The National Labor Relations Board (NLRB) announced Jan. 18 that it is considering adopting a new legal standard for whether confidentiality requirements, known informally as "gag orders," in mandatory arbitration agreements violate the National Labor Relations Act (NLRA). We've gathered articles on the news from SHRM Online and other outlets.
Briefs Invited
In Ralphs Grocery Co., the NLRB invited briefs on this issue by March 21. The board asked whether the arbitration policy in this case interferes with employees' right to file board charges or otherwise access board processes. The NLRB also asked, in the event that the Federal Arbitration Act does not prevent the board from reviewing arbitration-related confidentiality requirements under the NLRA, what standard the board should apply to determine whether such requirements are legal.
(NLRB)
Possible Effect on Arbitration Contracts
The case could allow the NLRB to make mandatory arbitration contracts more worker-friendly by outlawing confidentiality requirements and boosting employee protections against losing access to administrative agencies.
Trump-Era Decision
In 2020, the NLRB ruled in California Commerce Club that employers that require employees to arbitrate work-related disputes can mandate that those workers keep silent about the proceedings. Carefully worded clauses to this effect were determined to be lawful if they were separate from workplace rules, according to the ruling. The board is now considering overturning this decision.

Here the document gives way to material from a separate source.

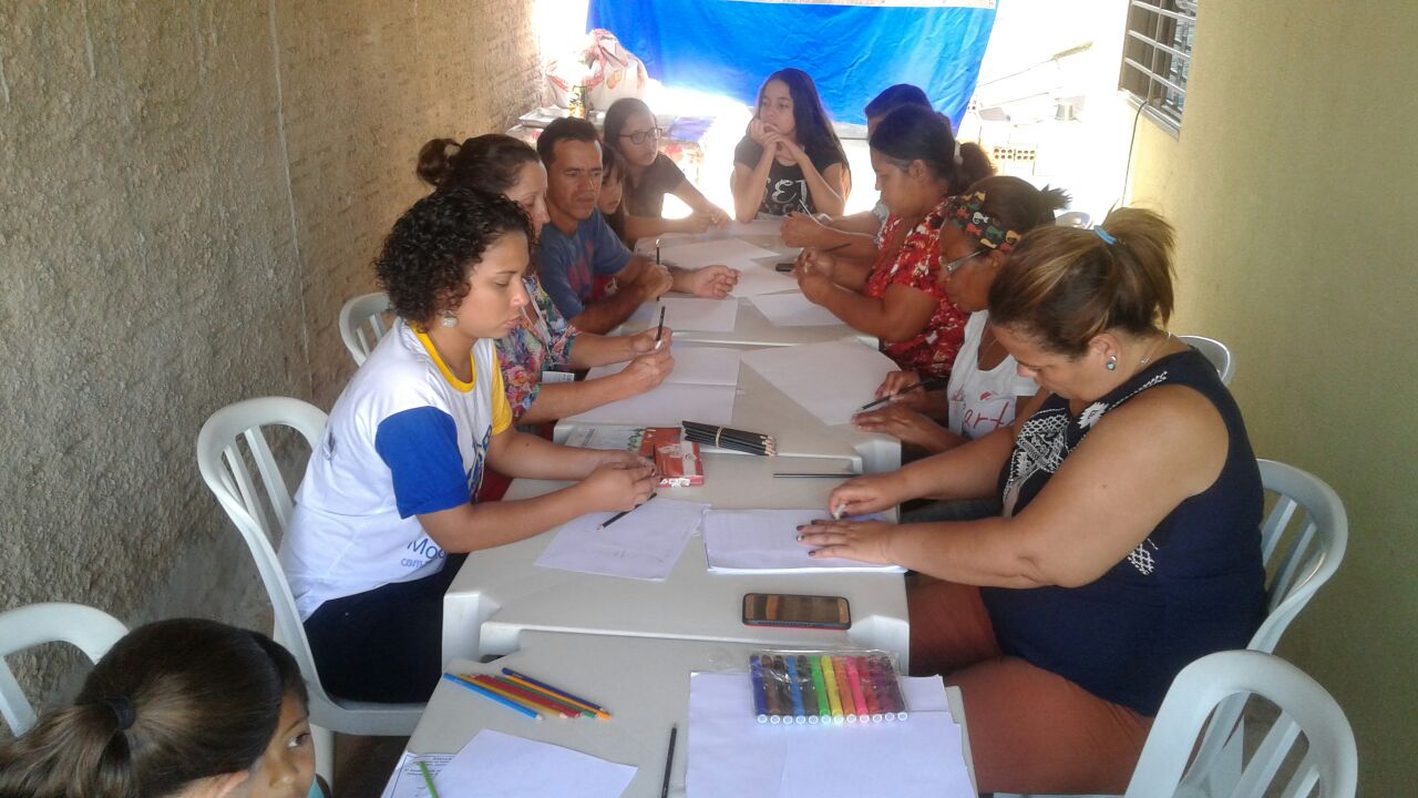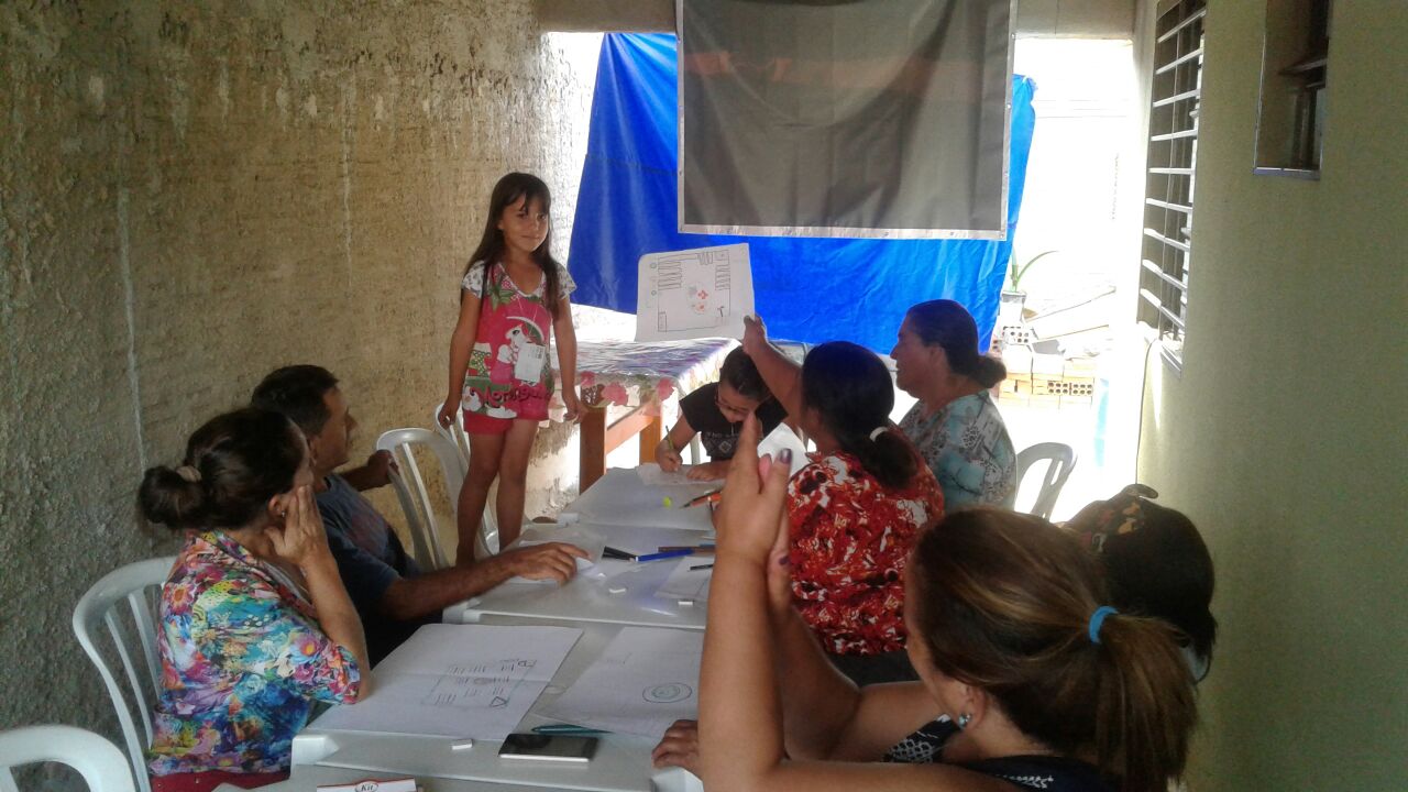 Na parte da tarde, houve uma dinâmica em que os moradores foram convidados a desenhar de que forma desejavam a horta comunitária. Em seguida, foi realizada individualmente a apresentação de ideias do que planejaram e imaginaram para o plantio na horta urbana.

Standard for Workplace Policies Is Under Review
The NLRB also is considering replacing a standard that made it easier to defend workplace policies. In Stericycle Inc., the board is determining whether it should adopt a new legal standard to determine whether employer work rules violate the NLRA.
NLRB Considers Definition of Independent Contractor
In addition, the NLRB has announced that it may replace the existing standard for who is an independent contractor, inviting briefs on the considered change to be filed by Feb. 10.